模块5: 构建智能体循环
构建核心的观察-思考-行动循环。
观察 → 思考 → 行动循环
每个AI智能体的核心都是一个循环。智能体观察当前状态(用户输入、工具结果、记忆),通过将上下文发送给LLM进行推理来思考,然后通过调用工具或返回最终响应来行动。这个循环重复直到任务完成。
这个模式被称为ReAct循环(推理+行动),最初在Yao等人2022年的论文中描述。它是每个现代智能体框架使用的相同模式——LangChain、CrewAI、OpenAI Agents SDK和Claude的工具使用——无论其具体API如何。
将智能体循环想象成一位厨师准备复杂菜肴。厨师(1)观察食材和食谱的当前状态,(2)思考下一步该做什么("洋葱已经软了,该加大蒜了"),(3)行动执行下一步。每次行动后,厨师观察结果并决定下一步。当厨师判断不需要更多步骤时,菜就完成了。
以下是伪代码形式的流程:
# The universal agent loop pattern
messages = [user_input]
while True:
# THINK: Send context to LLM
response = llm.generate(messages)
# DECIDE: Does the LLM want to use a tool?

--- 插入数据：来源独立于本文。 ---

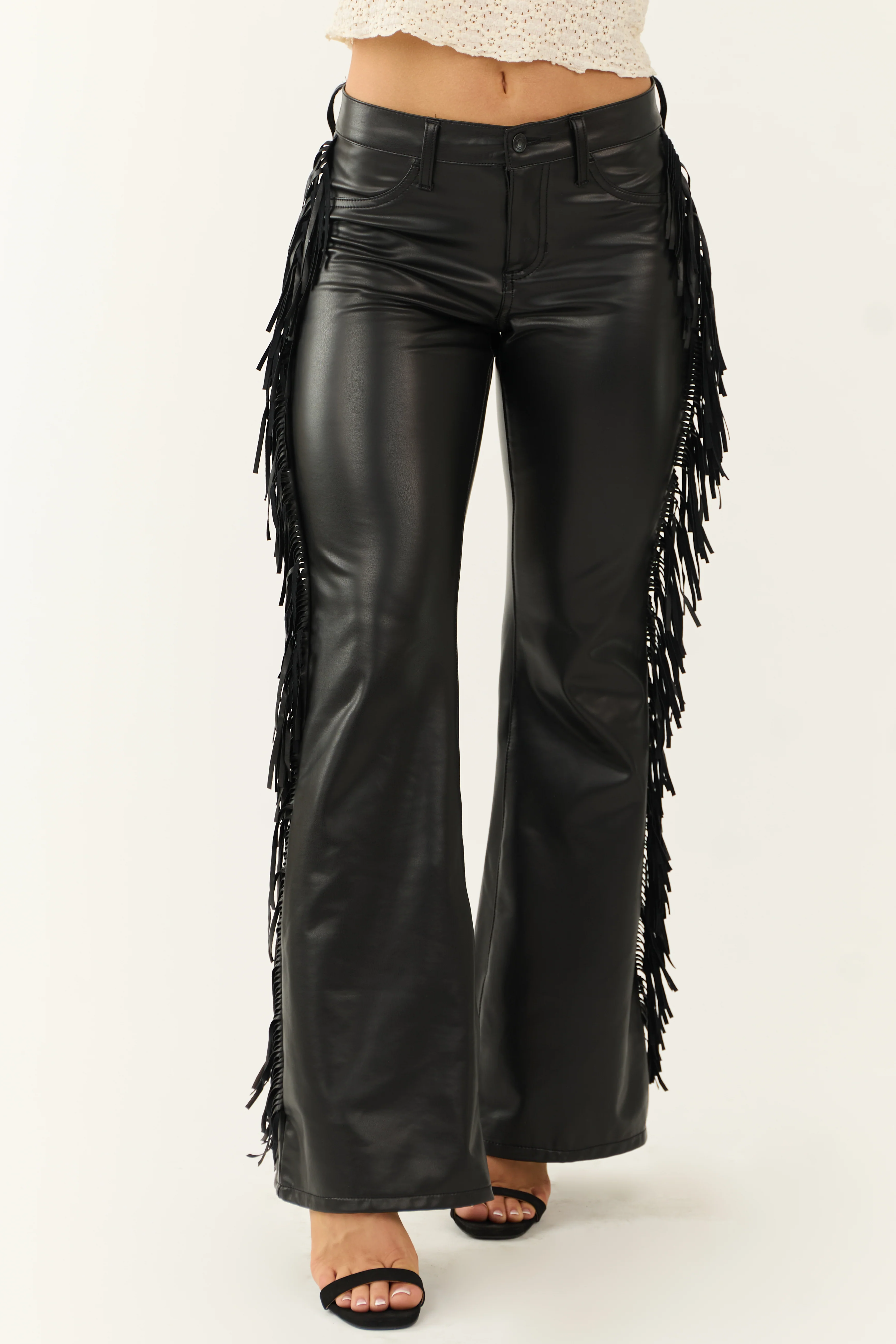 Cello Black Faux Leather Mid Rise Fringe Flare Pants

if response.wants_tool_call:
# ACT: Execute the tool
tool_result = execute_tool(response.tool_call)
# OBSERVE: Add result to context for next iteration
messages.append(response) # LLM's reasoning
messages.append(tool_result) # Tool's output
continue # Loop back to THINK
else:
# DONE: LLM has a final answer
return response.text
关键洞察是LLM自己决定何时停止。不是开发者硬编码"调用工具A,然后调用工具B,然后响应"。LLM根据任务和中间结果动态选择行动。这使得智能体具有灵活性——同一个循环可以处理"天气怎么样?"(一次工具调用)或"研究并总结前5名竞争对手"(多次工具调用和推理步骤)。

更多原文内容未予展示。